▸ WHAT YOU HAVE TO DO
Print all of the data below exactly as it appears, leaving out every image.

=== Begin Enclosure ===

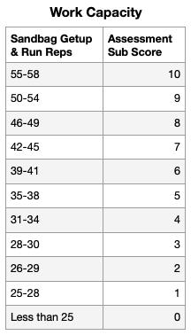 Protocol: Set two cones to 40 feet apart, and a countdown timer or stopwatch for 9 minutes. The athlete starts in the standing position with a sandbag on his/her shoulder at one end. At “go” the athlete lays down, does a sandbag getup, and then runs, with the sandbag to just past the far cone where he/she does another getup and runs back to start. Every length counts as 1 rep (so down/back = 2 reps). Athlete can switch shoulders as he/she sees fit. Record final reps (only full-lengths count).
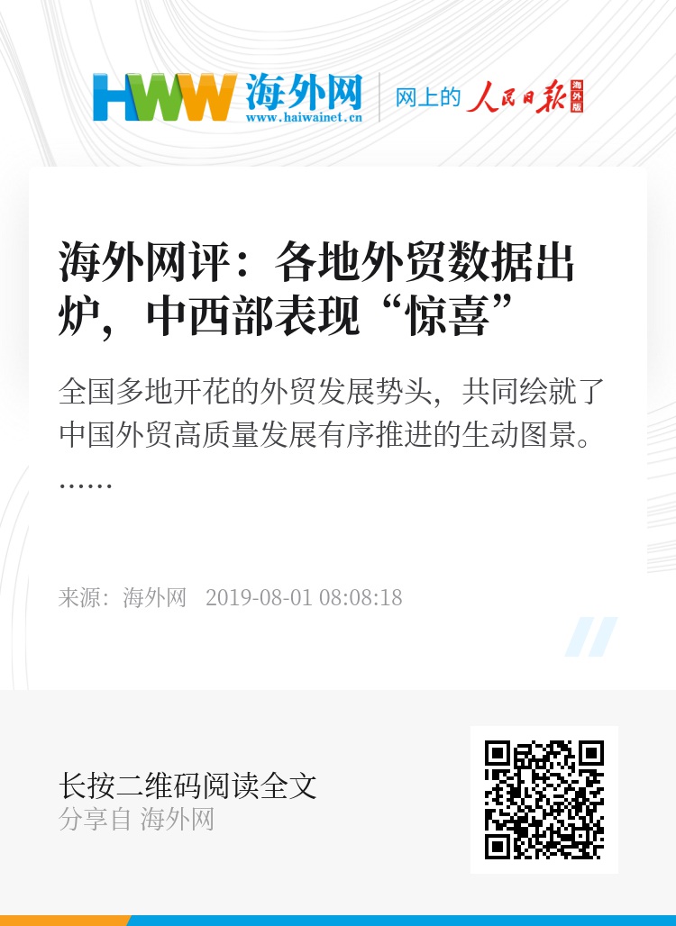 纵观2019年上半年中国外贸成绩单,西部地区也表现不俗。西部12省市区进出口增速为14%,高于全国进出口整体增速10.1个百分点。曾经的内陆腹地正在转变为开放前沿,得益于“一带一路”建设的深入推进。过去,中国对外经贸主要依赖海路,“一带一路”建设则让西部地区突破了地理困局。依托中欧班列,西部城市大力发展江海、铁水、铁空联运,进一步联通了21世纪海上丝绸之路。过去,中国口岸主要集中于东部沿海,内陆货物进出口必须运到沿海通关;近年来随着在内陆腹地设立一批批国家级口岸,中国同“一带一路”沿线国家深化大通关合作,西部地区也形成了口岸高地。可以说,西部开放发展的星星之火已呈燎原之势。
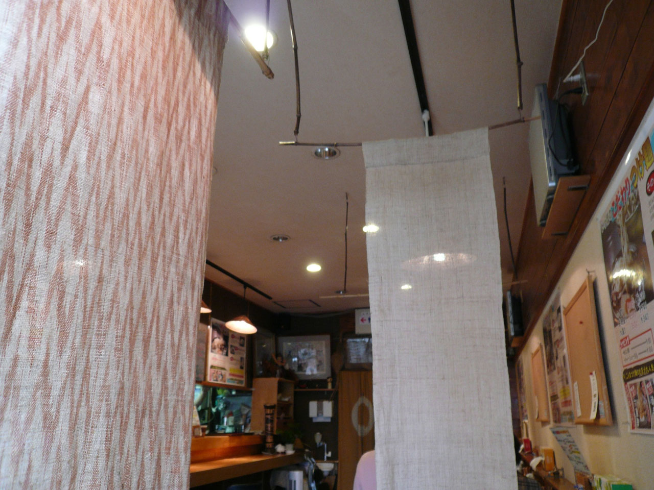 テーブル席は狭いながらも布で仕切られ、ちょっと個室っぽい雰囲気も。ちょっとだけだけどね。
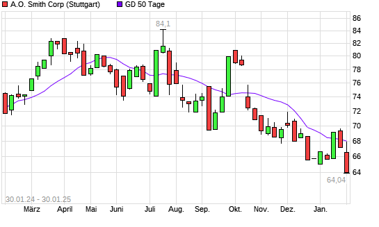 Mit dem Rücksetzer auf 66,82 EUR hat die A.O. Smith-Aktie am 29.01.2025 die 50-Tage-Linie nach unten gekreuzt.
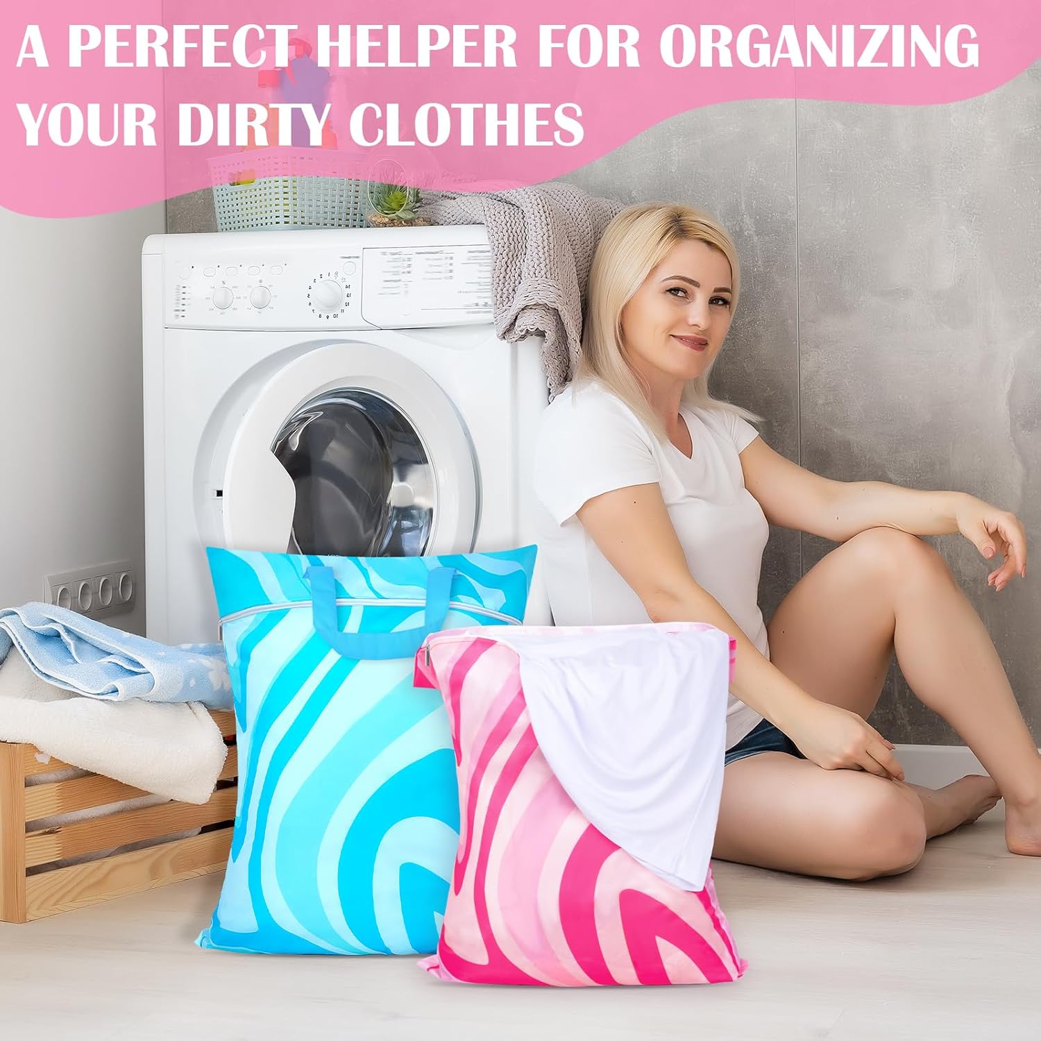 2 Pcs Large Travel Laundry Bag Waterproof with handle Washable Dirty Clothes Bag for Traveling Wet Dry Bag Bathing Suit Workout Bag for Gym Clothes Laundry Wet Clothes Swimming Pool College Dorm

=== End Enclosure ===

▸ ANSWER TO THE EXERCISE
 Protocol: Set two cones to 40 feet apart, and a countdown timer or stopwatch for 9 minutes. The athlete starts in the standing position with a sandbag on his/her shoulder at one end. At “go” the athlete lays down, does a sandbag getup, and then runs, with the sandbag to just past the far cone where he/she does another getup and runs back to start. Every length counts as 1 rep (so down/back = 2 reps). Athlete can switch shoulders as he/she sees fit. Record final reps (only full-lengths count).
 纵观2019年上半年中国外贸成绩单,西部地区也表现不俗。西部12省市区进出口增速为14%,高于全国进出口整体增速10.1个百分点。曾经的内陆腹地正在转变为开放前沿,得益于“一带一路”建设的深入推进。过去,中国对外经贸主要依赖海路,“一带一路”建设则让西部地区突破了地理困局。依托中欧班列,西部城市大力发展江海、铁水、铁空联运,进一步联通了21世纪海上丝绸之路。过去,中国口岸主要集中于东部沿海,内陆货物进出口必须运到沿海通关;近年来随着在内陆腹地设立一批批国家级口岸,中国同“一带一路”沿线国家深化大通关合作,西部地区也形成了口岸高地。可以说,西部开放发展的星星之火已呈燎原之势。
 テーブル席は狭いながらも布で仕切られ、ちょっと個室っぽい雰囲気も。ちょっとだけだけどね。
 Mit dem Rücksetzer auf 66,82 EUR hat die A.O. Smith-Aktie am 29.01.2025 die 50-Tage-Linie nach unten gekreuzt.
 2 Pcs Large Travel Laundry Bag Waterproof with handle Washable Dirty Clothes Bag for Traveling Wet Dry Bag Bathing Suit Workout Bag for Gym Clothes Laundry Wet Clothes Swimming Pool College Dorm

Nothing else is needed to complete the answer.